Ça n’a aucune commune mesure. Le PSG d’aujourd’hui et celui de notre époque est incomparable. A l’époque, on était une petite épicerie aujourd’hui, Paris est une grande surface.
Depuis Benarbia, on n’a pas trouvé un autre joueur Algérien porté les couleurs de ce grand club européen…
Je souhaite évidemment qu’un joueur algérien puisse atterrir un jour à Paris et pouvoir représenter l’Algérie sous les couleurs du PSG. C’est un souhait, voilà !
Le rêve des investisseurs qataris est de remporter la Ligue des champions, cet objectif est-il réalisable, selon vous ?
Bien sûr. Vous savez depuis que j’ai connu Paris, on avait toujours ce défi de rendre le PSG un grand club. Et là, je pense que c’est en route, chaque année ils améliorent l’équipe, mais il y a toujours ce dernier palier à franchir qui reste dur, donc voilà, ça devrait venir.
Vous avez été honoré, que ressentez-vous ?
Il faut souligner cette journée spéciale, qu’est la commémoration du 11 décembre, c’était important d’informer les jeunes sur une époque douloureuse de notre histoire. Effectivement, le public algérien est toujours passionné du football, ça a été vraiment symptomatique de constater un tel accueil de la part des jeunes et même des femmes qui étaient présentes.
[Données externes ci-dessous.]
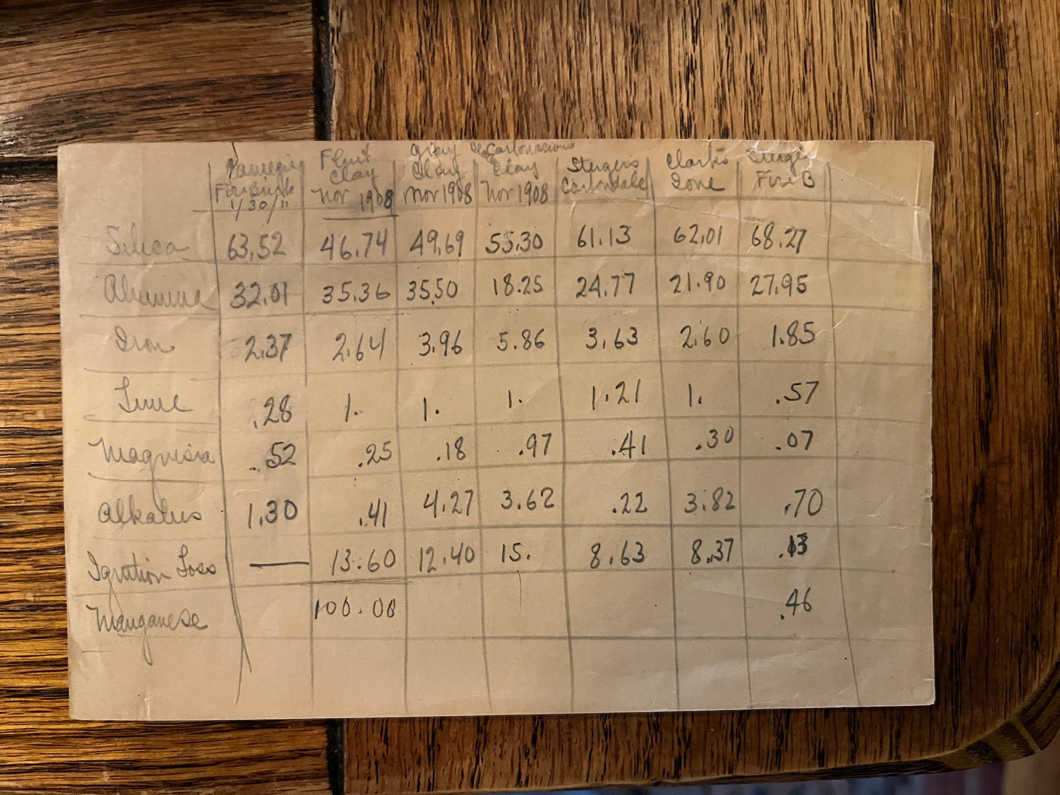 I also went through a box of materials that the current owner of the Keeler family home in South Gate sent me a while back and took photos of everything so I can refer to it without pulling everything out. Some of the materials are very fragile. One piece of particular interest is this table of clays and fluxes (at least I think that’s what they are) and the outcomes, presumably created by Rufus. What do the decimals mean? What was he trying to do? Next time you pick up your coffee mug, think about the science involved in figuring out the precise mixture of clay and flux, the heat of the kiln, and the men and women who figured this shit out just through trial and error.

On a vu même des jeunes qui ne vous ont pas vu jouer venir pour prendre des photos…
(Il nous coupe) Heureusement pour eux (rires).
C'est-à-dire, M. Dahleb ?
Ils seraient moins jeunes ! (Rires)
D’accord, alors que ressentez-vous d’être reconnu par ces jeunes garçons ?
 C’est vraiment quelque chose de réconfortant parce qu’on se rend compte que les jeunes sont toujours attachés au football et que tous ces gens-là ne vous ont pas oubliés.
Merci Monsieur Dahleb, un dernier mot ?
Je tiens à rendre hommage à la commune de Sétif qui a honoré ces jeunes sportifs, cela les encourage à travailler et à continuer à bien représenter leur ville et surtout l’Algérie.